I think that Z39.50 is now well established for large, if you will, mainframe or server-based systems. Certainly, those folks who wonder what real Z39.50 systems are in use could look at institutions like the University of California, where we have had it in production for a number of years, and we're using it every day to provide access to our community of close to a quarter of a million people, to resources mounted at places like OCLC and RLG.
We also are using it for circulation data out of local library management systems, which have a very high transaction rate and for which we will easily clock hundreds of thousands of queries a day, according to circulation statistics.

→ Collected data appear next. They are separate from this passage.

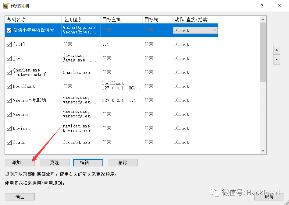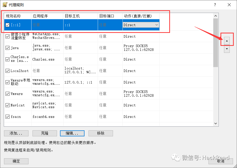 由此,这条规则在代理列表里面要处于最高(优先进行),如下: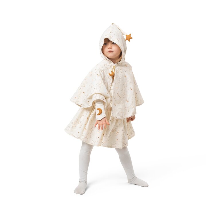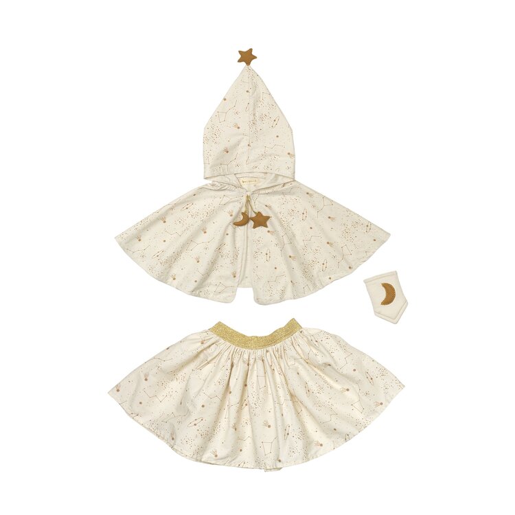 Rondfladderend bewaken de maanfeeën het Land van Fabeland en brengen schittering en vreugde aan iedereen die ze op hun weg tegenkomen. Laat je kleintje zich verkleden in onze nieuwe comfortabele Maanfeeën Set met hemelse opdruk, bestaande uit een prachtige cape met capuchon, een schattige maatvaste rok met een gouden elastiek, en een arm-pols manchet met een borduursel van de maan. Gebruik het voor een alledaags rollenspel of als een speels Halloween kostuum.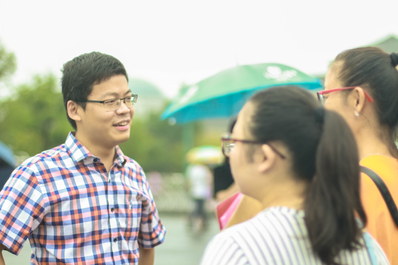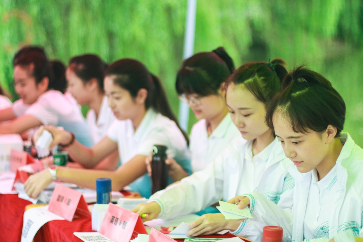 新生接待点,英文学院的辅导员们和大一各班班助们已经早早地开始等待新生们的到来。门口、路上、体育馆等处的志愿者身着绿色小马甲,微笑着为新生和家长指路。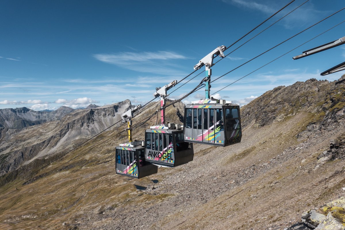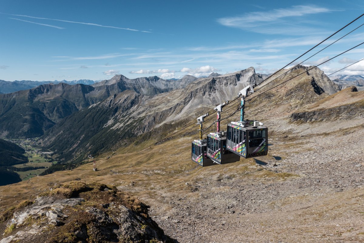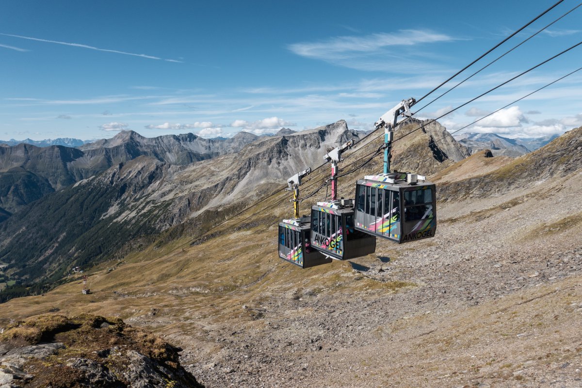 Zwei Sektionen einer technisch äusserst spannenden Gruppenpendelbahn von Waagner-Biró erschliessen oberhalb der Ortschaft Mallnitz ein Ski- und Wandergebiet am Fusse des 3252 Meter hohen Ankogel.

So there is no question in my mind that it is well established as a production underpinning technology. It's a very interesting question of why it isn't used more in CD-ROM systems; there is no particular technical reason why you can't provide a Z39.50 interface to a CD-ROM database - in fact, I believe it's been done. In the very early days, of course, there were constraints on the size of the PC's that were often the access portals to CD-ROM-based information systems, where running a full TCP/IP stack plus z39.50 was a lot to ask of those machines. That's certainly no longer the case with current technology, and I would speculate, although it would be very hard to prove this, that a lot of the reason really has to do with marketing decisions and the view that they don't want a large, uncontrolled user community using CD-ROM, because of licencing terms and financial models.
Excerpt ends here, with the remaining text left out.